Prodigy sense2vec.teach recipe with gensim w2vec

Hi,

based on the sense2vec.teach

prodigy sense2vec.teach food_terms data/s2v_reddit_2015_md/ --seeds "garlic, avocado, cottage cheese, olive oil, cumin, chicken breast,beef, iceberg lettuce"

I would like to use gensim w2vec generated model to generate similar words/phrases to the given seed words/phrases

In order to make this smoothly work, the gensim w2vec model should has the same format as the "s2v_reddit_2015_md/" model? if so how to convert the gensim w2vec model format to be compatible with the sense2vec model? or is there any other way to achieve this goal?

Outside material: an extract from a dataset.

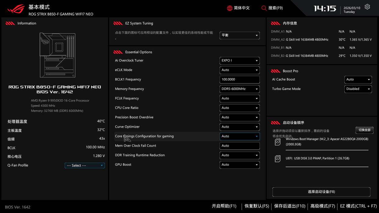 rog strix b850-f gaming wifi7 neo采用了最新的bios,新版bios的ui更有设计感和战斗感,支持1080p分辨率。新增的essential超频控制为pc diy新手提供简单易用的配置选项,高级模式下也为经验丰富的老手提供全面的调节功能。

Hi! A sense2vec model is essentially just a word2vec model trained on words/phrases with concatenated POS tags or entity labels. But in order to query that, the sense2vec library includes various methods so you can look up words with tags etc.

If you just have a regular w2v model, using it via the sense2vec library doesn't make that much sense and a lot of the assumptions in the sense2vec.teach workflow don't really hold up either because your vectors couldn't be queried by tags. I think a better solution would be one of the following:

  • Add your word vectors to a blank spaCy pipeline and use it with terms.teach.
  • Write your own recipe script that loads your vectors, calculates the average for the vectors of all seed terms and then find the most similar entries in your table and send them out. See here for the most_similar implementation in spaCy.

Thanks a lot

This what I was looking for. I have a complicated scientific text and using sense2vec provided poor result. POS tag doesn't work well.

Glad to hear! And yeah, the sense2vec vectors we trained were trained on Reddit text, which is pretty far from scientific texts :sweat_smile: